Phosphate Removal from Water by Using Biomass Obtained from Arthrospira platensis

Abstract

Eutrophication is a significant issue in aquatic systems that receive wastewater from anthropogenic sources. The reduction of phosphate concentration in wastewater and water bodies is essential to reduce the risk of eutrophication. In this study, biomass obtained from Arthrospira platensis was used to reduce the phosphorus concentration in water. The biomass samples were characterized by spectroscopic and morphological techniques, such as vibrational spectroscopy (FTIR and Raman) and microscopy assay (SEM). Adsorption studies were conducted to evaluate the removal efficacy of the biomass. Phosphate removal capacity was strongly influenced by pH, with the highest effectiveness observed under acidic conditions (88% removal at pH 4.4) and rapid initial adsorption reaching equilibrium. Kinetic modelling showed a maximum removal efficacy (q_e = 2.4 mg g⁻¹ and k₂ = 0.305 min⁻¹). Isothermal adsorption analysis showed that the Langmuir model described properly experimental results showing physical chemical parameters (q_max = 2.8 mg g⁻¹ and K_L = 1.41 L mg⁻¹).

1. Introduction

Anthropogenic alterations to the biogeochemical cycle of phosphorus have a significant impact on water quality in aquatic environments. Excessive phosphate concentrations lead to uncontrolled algal blooms, a primary cause of nutrient pollution and environmental degradation, known as eutrophication [1,2]. Algal blooms limit light penetration, negatively affecting phototrophic and photoheterotrophic organisms. In addition, they contribute to oxygen depletion and pose serious threats to aquatic ecosystems [3,4].

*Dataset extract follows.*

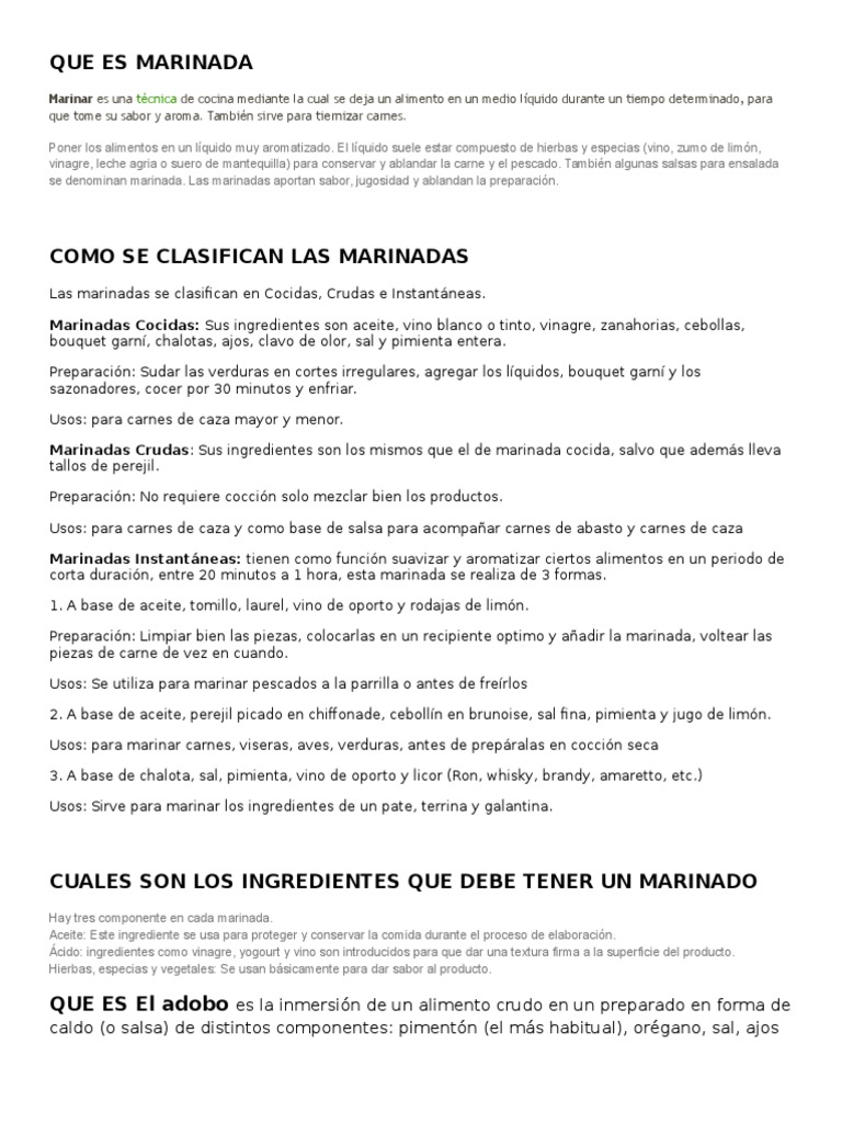 CUALES SON LOS INGREDIENTES QUE DEBE TENER UN MARINADO

Recently, different technologies and bioremediation strategies have been developed to mitigate phosphate pollution, aiming to reduce phosphate levels in water and minimizing the associated environmental impacts [5]. Among these, chemical treatments are commonly used due to their high efficiency, especially when combined with biological agents. Among all reagents employed in chemical methods, aluminum sulfate is the most commonly used metal salt. This salt reacts with phosphate in solution to form solid precipitates, which are the removed from water through a traditional physical separation method (e.g., filtration, clarification) [6,7]. Furthermore, modifications of coagulants offer a promising alternative for improving phosphate removal from water. Titanium-containing reagents are also used for phosphate remotion [8]. However, chemical methods may produce harmful by-products through reactions with other compounds present in the water matrix, which can further damage the ecosystem [9]. The need of acid of alkali additives during chemical process can also boost sludge production [10,11].

In contrast, biological methods offer a more environmentally friendly alternative, supported by decades of biotechnological advancements. Bioremediation techniques are favored for their minimal ecological impact, though they can face challenges such as nutrient costs, bioreactor design, culture stabilization, and microorganism selection [12]. This technique requires less chemical loads but requires specific microbial and environmental conditions [13].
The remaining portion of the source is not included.